Sabizabulin for metastatic castration-resistant prostate cancer clears phase early trial

The oral cytoskeleton disruptor sabizabulin shows antitumour activity in men with metastatic castration-resistant prostate cancer (mCRPC), while having a favourable safety profile, as shown in the results of a phase Ib/II trial.

A total of 39 mCRPC patients treated with one or more androgen receptor–targeting agents were included in the phase Ib segment, which applied a 3+3 design with escalating daily oral doses of 4.5–81 mg and increasing schedule. Prior taxane chemotherapy was permitted. The phase II segment examined a daily dose of 63 mg in 41 patients with no prior chemotherapy.

Researchers assessed efficacy was assessed using the Prostate Cancer Working Group 3 (PCWG3) and Response Evaluation Criteria in Solid Tumours (RECIST) 1.1 criteria.

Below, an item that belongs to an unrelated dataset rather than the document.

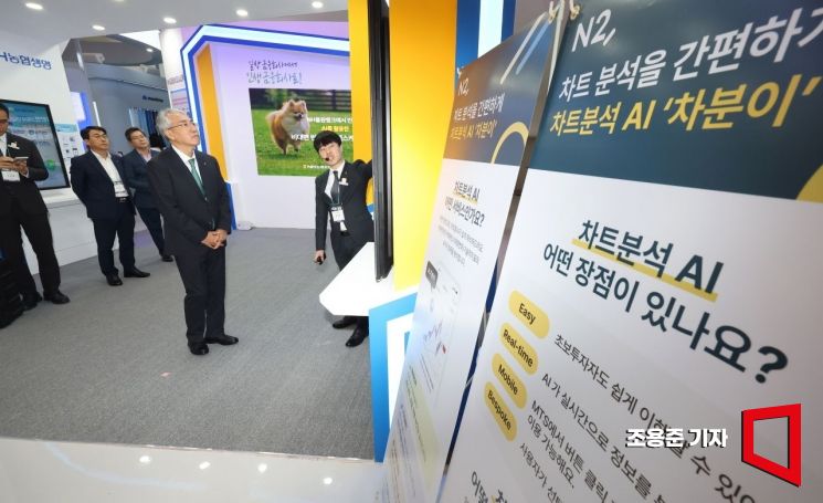 이석준 농협금융지주 회장이 27일 서울 동대문 디자인플라자(DDP)에서 열린 코리아 핀테크 위크 2024에 참석, AI차트분석 시스템을 살펴보고 있다. 사진=조용준 기자 jun21@

The maximal tolerated dose (MTD) was not defined in the phase Ib, while the recommended phase II dose was set at 63 mg/day. The most common adverse events (AEs; >10 percent frequency) with the 63 mg oral daily dosing (combined phase Ib/II data) were predominantly grade 1–2 events.

Grade ≥3 events included diarrhoea (7.4 percent), fatigue (5.6 percent), and alanine aminotransferase/aspartate aminotransferase elevations (5.6 percent and 3.7 percent, respectively). None of the patients developed neurotoxicity and neutropaenia.

Preliminary efficacy data was obtained in the group of patients treated with ≥1 continuous cycle of ≥63 mg. Objective response was seen in six out of 29 (20.7 percent) patients with measurable disease (one complete, five partial). Prostate-specific antigen levels declined in 14 out of 48 (29.2 percent) patients.

The Kaplan–Meier median radiographic progression-free survival was 11.4 months (n=55), with durable responses lasting >2.75 years.

The findings support the ongoing phase III VERACITY trial of sabizabulin in men with mCRPC.